Il tribunale di Roma ha disposto la confisca sei opere rubate nel centro e nel sud Italia che al momento si trovano esposte al Museo del Louvre. La decisione deriva dal fatto che si tratta di reperti trafugati e poi venduti al museo: Il Louvre avrebbe quindi acquistato in passato queste sei opere (tra vasi, anfore e sculture) di provenienza illegale. All’udienza tecnica per arrivare alla confisca dei beni presenzierà anche la direttrice del museo Laurence Des Cars.
Il fenomeno dei “tombaroli”
Un fatto che, per quanto possa sembrare sconcertante, non è poi così insolito.
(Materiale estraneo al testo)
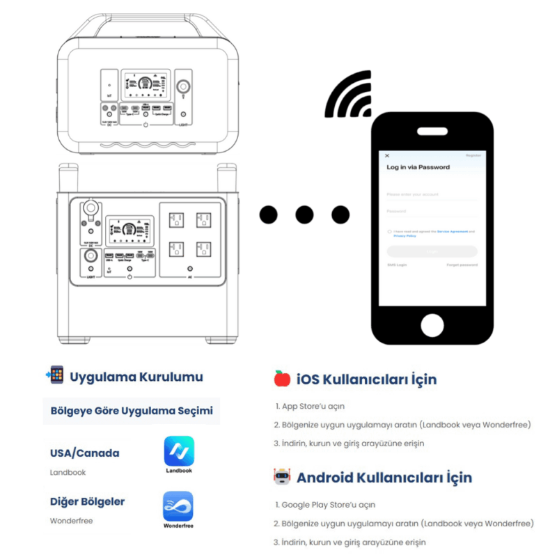 Ayrıca cihaza ait mobil uygulama ile güç kaynağınızı dilediğiniz yerden kontrol edin! Cihaz durumunu anlık olarak takip edin, manuel veya otomatik ayarlamalar yapın ve şarj seviyesini kolayca görüntüleyin. Gücünüz her an elinizin altında!

Il caso dei cosiddetti “tombaroli”, difatti, per molti anni ha influenzato molto il mercato. Alice Rohrwacher ha raccontato in maniera puntuale questo fenomeno nel film “La chimera”: ambientato negli anni ’80, narra la storia di Arthur, un giovane archeologo britannico coinvolto in una banda di tombaroli che saccheggiano tombe etrusche per rivendere i manufatti nel mercato nero. Questo tema si inserisce in un contesto storico ben preciso, ossia il traffico illecito di reperti archeologici in Italia, un fenomeno che ha avuto un forte impatto sulla conservazione del patrimonio culturale del Paese.
Negli anni ’70 e ’80, il saccheggio di siti archeologici divenne un problema diffuso nella penisola, soprattutto tra Lazio, Toscana e Umbria, dove si trovano numerose necropoli etrusche. Le tombe contenevano manufatti di grande valore storico e artistico che venivano rubati per essere venduti a collezionisti privati e musei internazionali.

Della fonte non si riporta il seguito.